About this task: An exact reproduction of the listing, minus the pictures, is the required output.

==== Data for this task

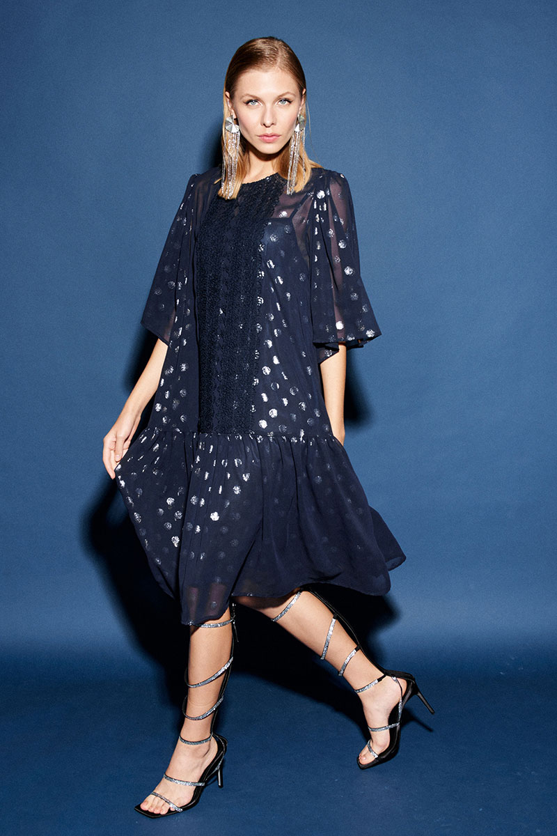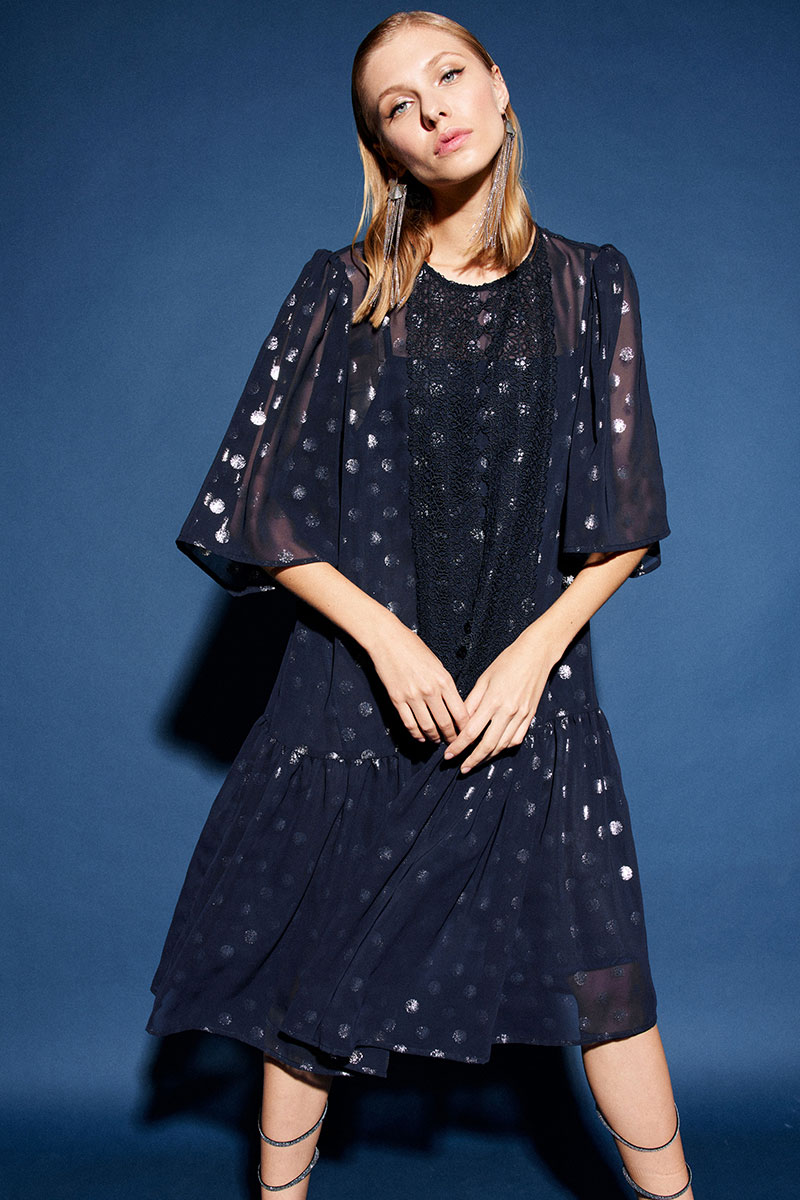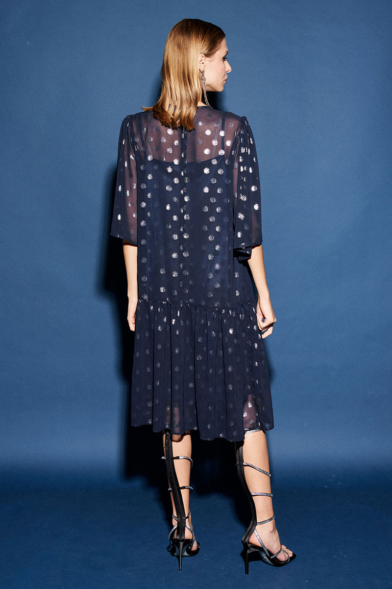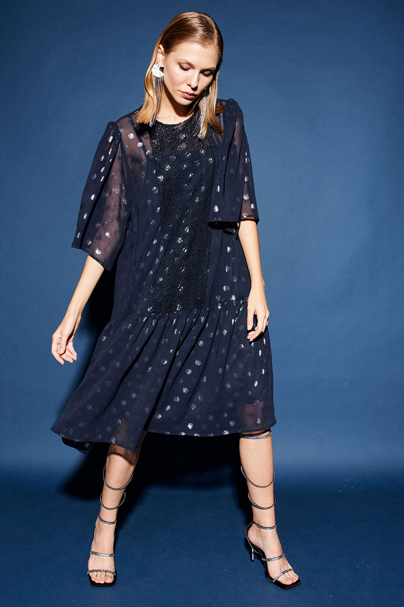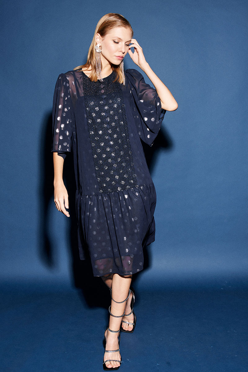 Платье свободного кроя, двух предметное, и выполнено из двух видов ткани: шифона и лёгкой трикотажной подкладки. По переду округлый вырез горловины и по центру настрочное французское кружево. По спинке застёжка на навесную петлю и пуговицу. К верхней части платья притачивается волан в сборку. Рукав втачной «колокол», верхняя часть со сборкой. Нижний слой – комбинация, выполненная из трикотажной подкладки. Платье прямое, свободное, на бретелях. По переду и спинке фигурный вырез горловины.
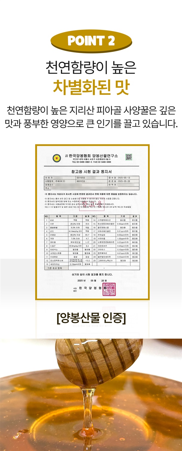 ㆍ이 제품은 꿀벌을 기르는 과정에서 꿀벌이 설탕을 먹고 저장하여 생산한 사양벌꿀입니다. ㆍ만 1세 미만의 영유아에게는 섭취시키지 마십시오. |
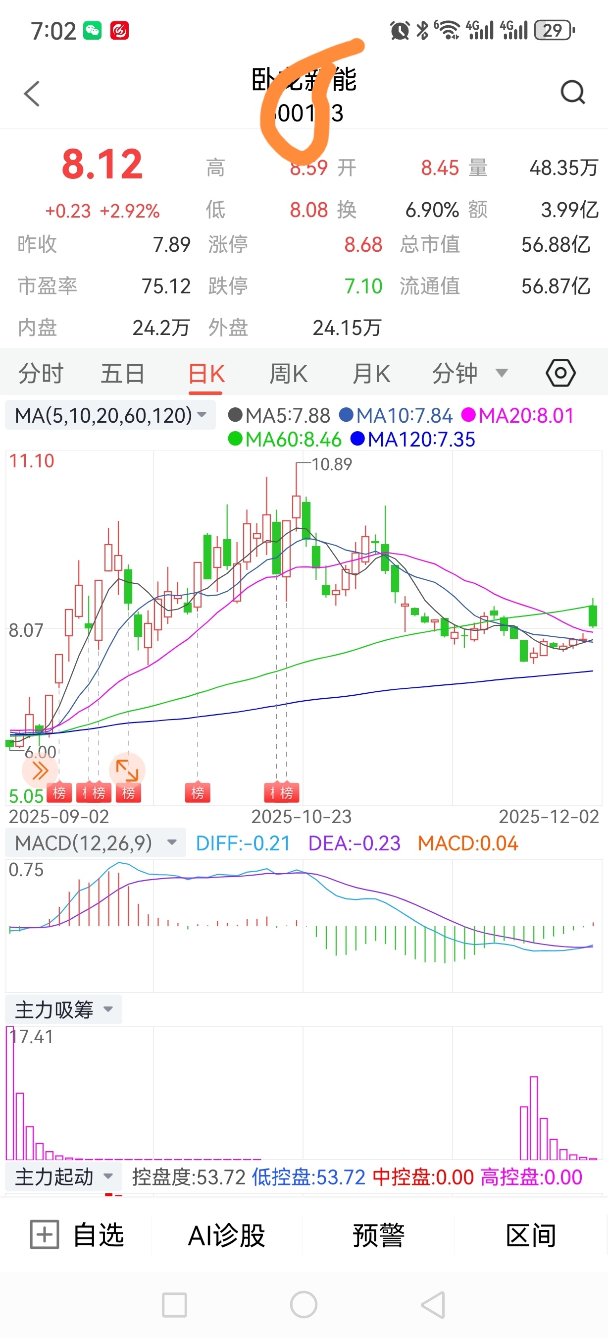 $卧龙新能(SH600173)$ 主力控盘稳得很,三个点附近一动不动,大概率明天跌一下,后天直接起爆。
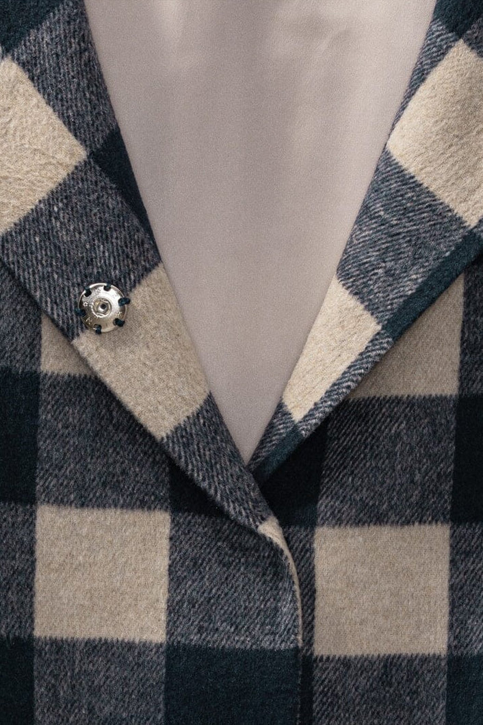 Spencerjasje van Karmamia met een geruit patroon in beige en donkerblauw. De jas heeft een V-hals en 3/4 mouwen met ruches.
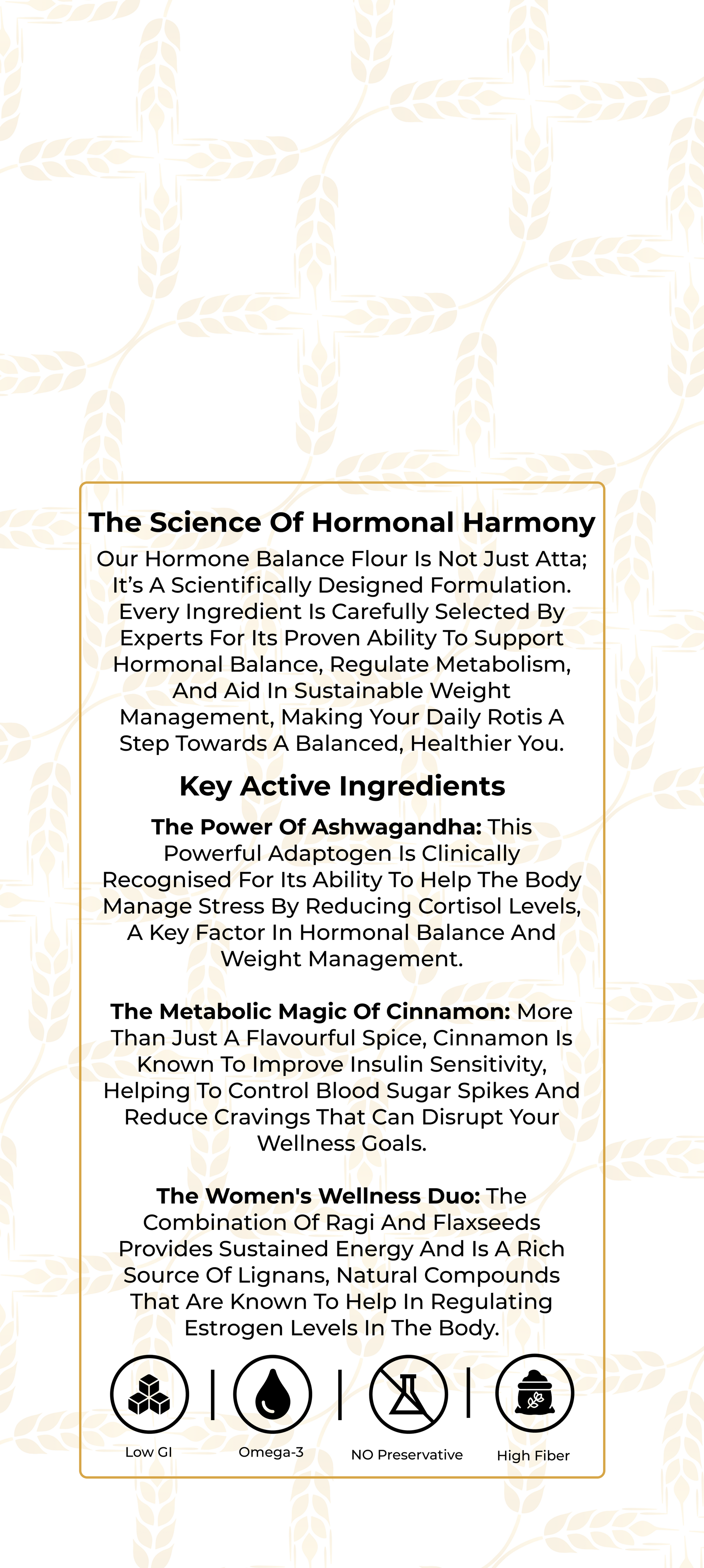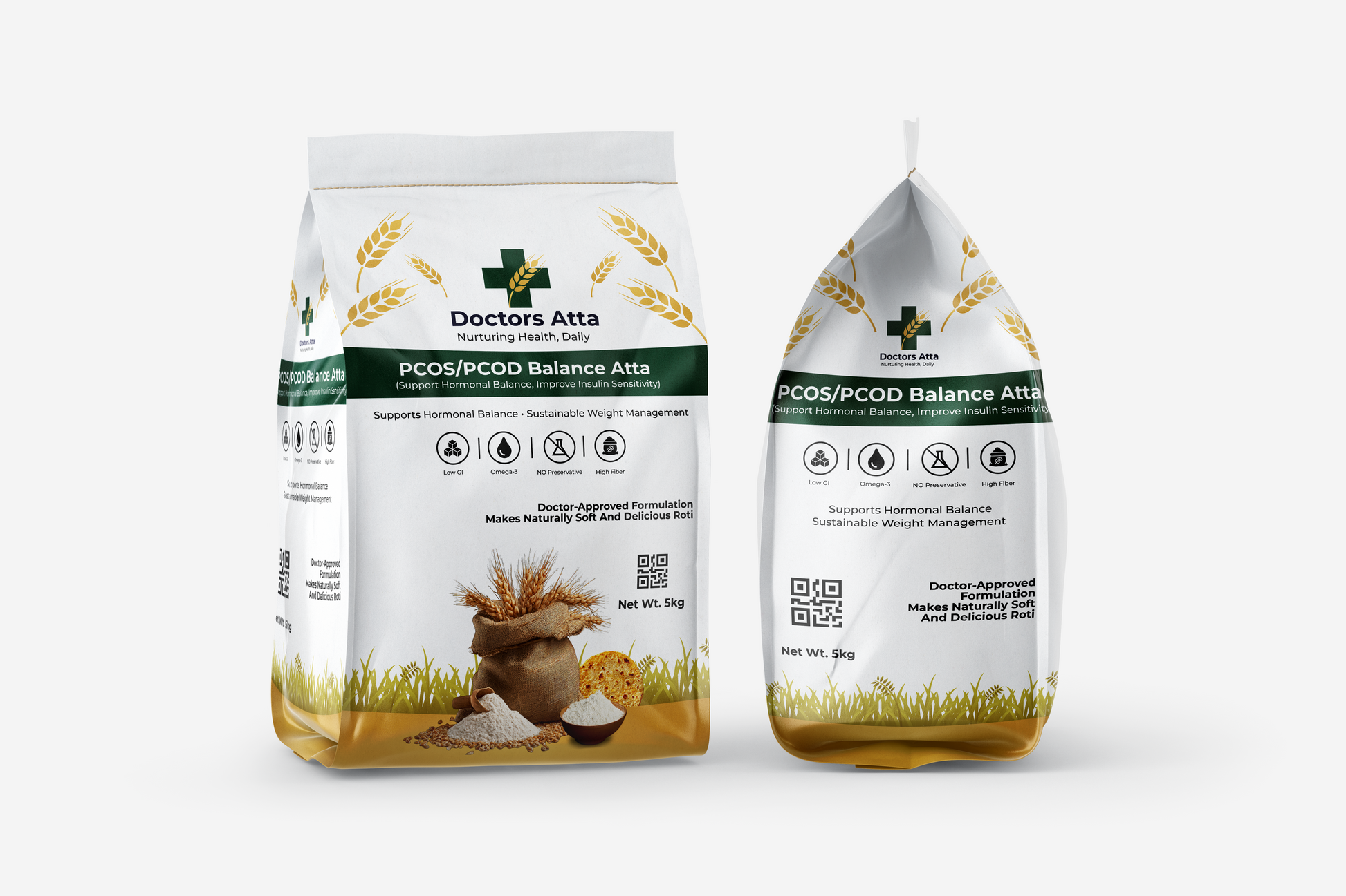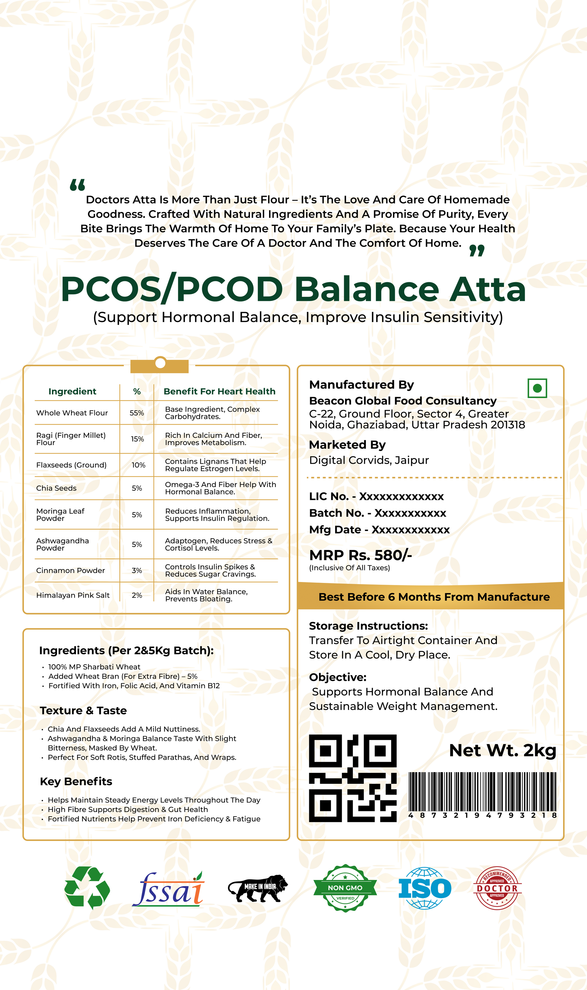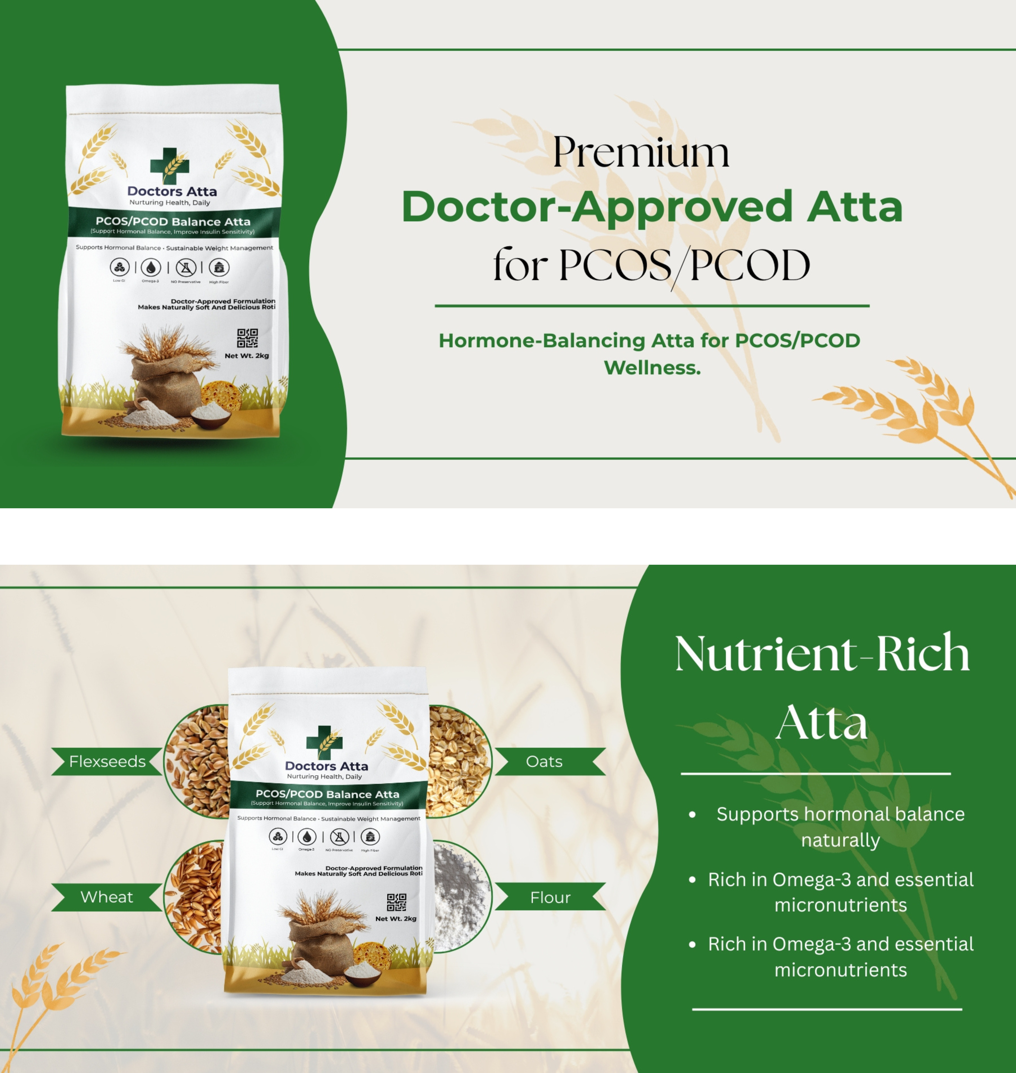 Nourishment for women’s wellness begins with Doctor Aata’s Women’s Wellness Blend, a specially formulated flour designed to support hormonal balance, regulate metabolism, and aid in sustainable weight management. This blend acts as a daily nutritional ally for women, especially those dealing with PCOS/PCOD and hormonal fluctuations. It is crafted to help maintain steady energy levels, reduce cravings, support healthy metabolism, and manage stress-related weight gain. The formulation combines powerful adaptogenic herbs, blood-sugar-balancing grains, and nutrient-dense superfoods to deliver complete hormonal and metabolic support. The blend has a mild, nutty sweetness from chia and flaxseeds, while the slight bitterness of ashwagandha and moringa is carefully balanced to create soft, delicious rotis, stuffed parathas, and wraps.
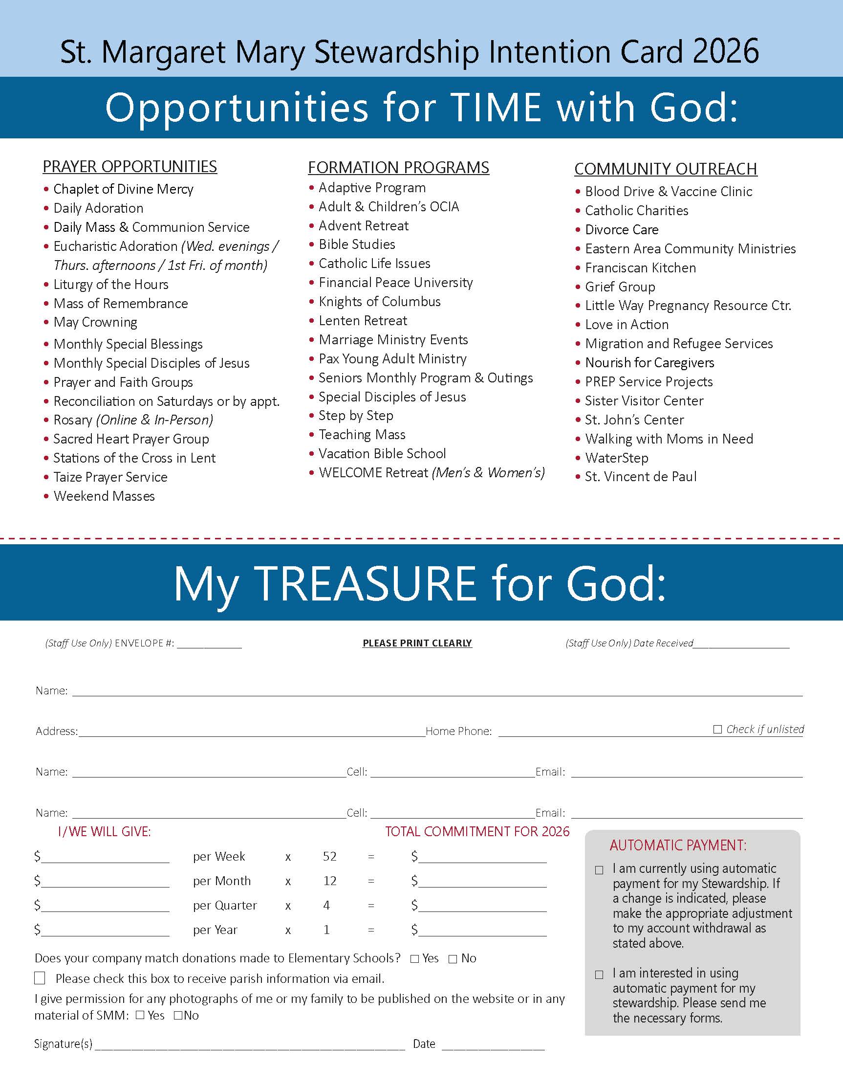 Stewardship is a reflection of our gratitude for God’s blessings and a chance to reaffirm our commitment of time, talent, and treasure. As we enter this renewal period, please consider how you can support our parish as a way of Growing in the Heart of Jesus. -Father Bill Hammer
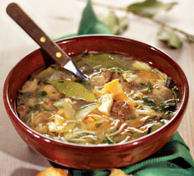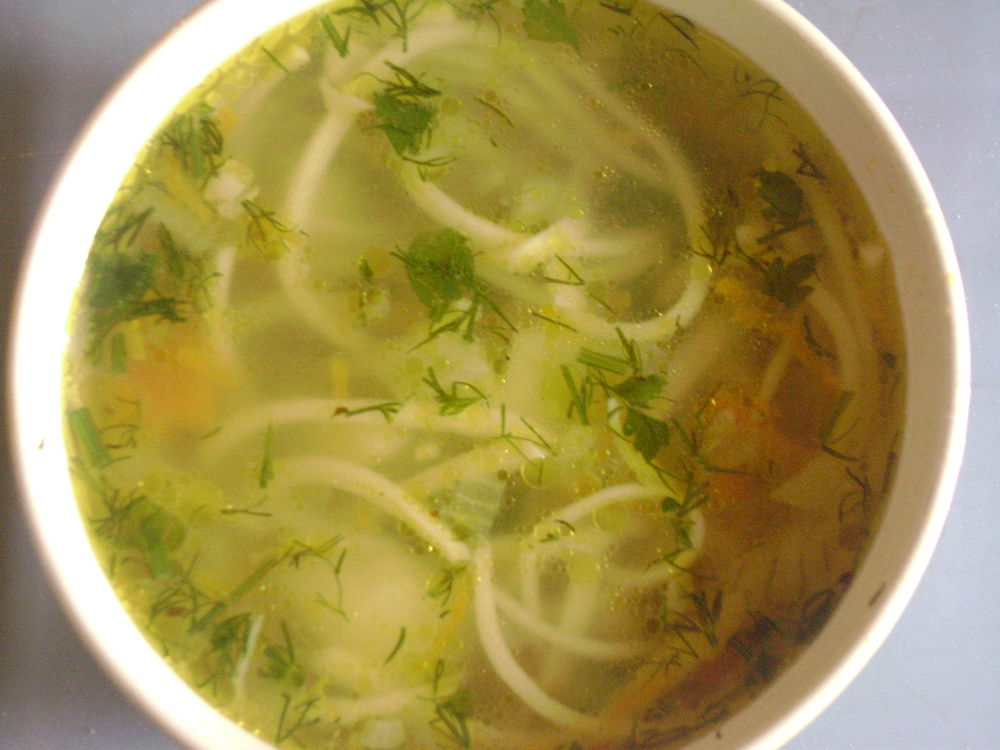 Сделайте в горке просеянной муки углубление, вбейте в него яйца, добавьте воды и замесите крутое тесто. Разделите его на две части, каждую раскатайте так тонко, чтобы сквозь нее просвечивалась доска. Когда тесто подсохнет, посыпьте его мукой, скатайте в рулет и нарежьте поперек на тонкие (шириной 1 см) полоски. Перед подачей на стол отварите лапшу в большом количестве подсоленной воды. Когда лапша закипит и всплывет, откиньте ее на дуршлаг, промойте горячей водой, выложите в кастрюлю, добавьте столовую ложку сливочного масла и перемешайте.

========

Answer:
 Платье свободного кроя, двух предметное, и выполнено из двух видов ткани: шифона и лёгкой трикотажной подкладки. По переду округлый вырез горловины и по центру настрочное французское кружево. По спинке застёжка на навесную петлю и пуговицу. К верхней части платья притачивается волан в сборку. Рукав втачной «колокол», верхняя часть со сборкой. Нижний слой – комбинация, выполненная из трикотажной подкладки. Платье прямое, свободное, на бретелях. По переду и спинке фигурный вырез горловины.
 ㆍ이 제품은 꿀벌을 기르는 과정에서 꿀벌이 설탕을 먹고 저장하여 생산한 사양벌꿀입니다. ㆍ만 1세 미만의 영유아에게는 섭취시키지 마십시오. |
 $卧龙新能(SH600173)$ 主力控盘稳得很,三个点附近一动不动,大概率明天跌一下,后天直接起爆。
 Spencerjasje van Karmamia met een geruit patroon in beige en donkerblauw. De jas heeft een V-hals en 3/4 mouwen met ruches.
 Nourishment for women’s wellness begins with Doctor Aata’s Women’s Wellness Blend, a specially formulated flour designed to support hormonal balance, regulate metabolism, and aid in sustainable weight management. This blend acts as a daily nutritional ally for women, especially those dealing with PCOS/PCOD and hormonal fluctuations. It is crafted to help maintain steady energy levels, reduce cravings, support healthy metabolism, and manage stress-related weight gain. The formulation combines powerful adaptogenic herbs, blood-sugar-balancing grains, and nutrient-dense superfoods to deliver complete hormonal and metabolic support. The blend has a mild, nutty sweetness from chia and flaxseeds, while the slight bitterness of ashwagandha and moringa is carefully balanced to create soft, delicious rotis, stuffed parathas, and wraps.
 Stewardship is a reflection of our gratitude for God’s blessings and a chance to reaffirm our commitment of time, talent, and treasure. As we enter this renewal period, please consider how you can support our parish as a way of Growing in the Heart of Jesus. -Father Bill Hammer
 Сделайте в горке просеянной муки углубление, вбейте в него яйца, добавьте воды и замесите крутое тесто. Разделите его на две части, каждую раскатайте так тонко, чтобы сквозь нее просвечивалась доска. Когда тесто подсохнет, посыпьте его мукой, скатайте в рулет и нарежьте поперек на тонкие (шириной 1 см) полоски. Перед подачей на стол отварите лапшу в большом количестве подсоленной воды. Когда лапша закипит и всплывет, откиньте ее на дуршлаг, промойте горячей водой, выложите в кастрюлю, добавьте столовую ложку сливочного масла и перемешайте.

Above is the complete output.